Na avaliação da Abranet, a revogação desestrutura o modelo que diferencia a estrada (infraestrutura de telecomunicações) dos veículos (os serviços de valor adicionado que trafegam sobre ela). “Confundir os dois compromete a inovação, a liberdade de escolha do usuário e a diversidade de modelos de negócios”, defendeu Torquato.
Cristiane Sanches, conselheira da Abrint, destacou que o impacto sobre os pequenos provedores (ISPs) pode ser ainda maior. “A Norma 4 é extremamente sensível para os provedores regionais. Ela não se resume à questão tributária. Está relacionada à própria governança da internet e à garantia de conectividade significativa para o país”, apontou. Segundo ela, a Abrint tem observado com atenção o processo de regularização de empresas — que já somam 16 mil no país — e teme que a mudança no marco regulatório prejudique esse avanço.

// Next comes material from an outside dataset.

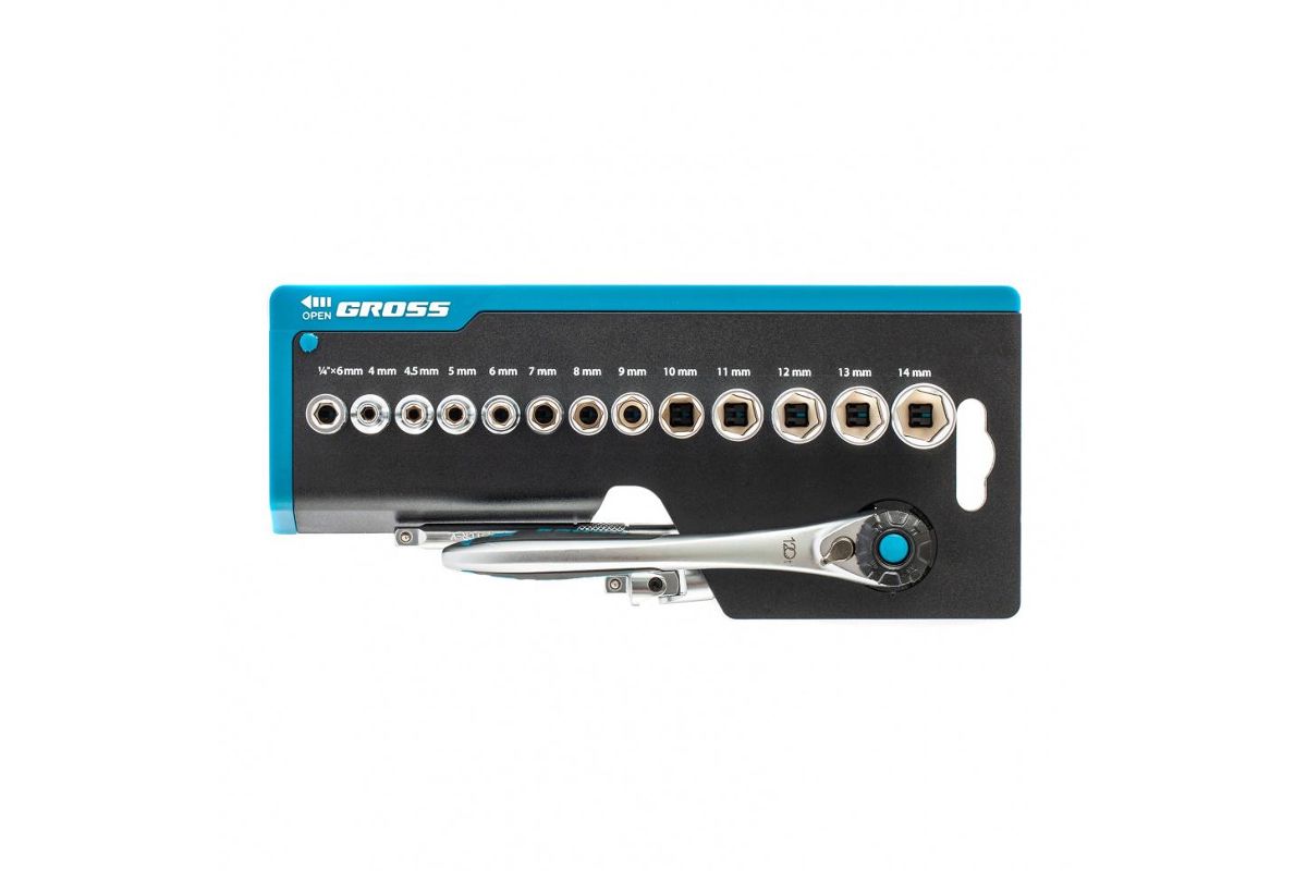Набор торцевых головок GROSS 14142 трещотка 120 зубьев, 36 предметов, 1/4'', CrV

Contraponto das operadoras
Representando as operadoras, Diogo Della Torres, da Conexis, apresentou uma leitura distinta sobre a revogação. Ele reconheceu a importância histórica da Norma 4, mas defendeu que a medida coloca o regulamento em linha com a realidade atual do mercado. “Muito se fala da regulação da IA. De alguma forma e do ponto de vista da engenharia, a Norma 4 estabelece o SVA e a comunicação à internet como SVA, e atualmente a conexão à internet já é um serviço de telecom. Na prática, a agência coloca o regulamento em linha com o que existe”, disse.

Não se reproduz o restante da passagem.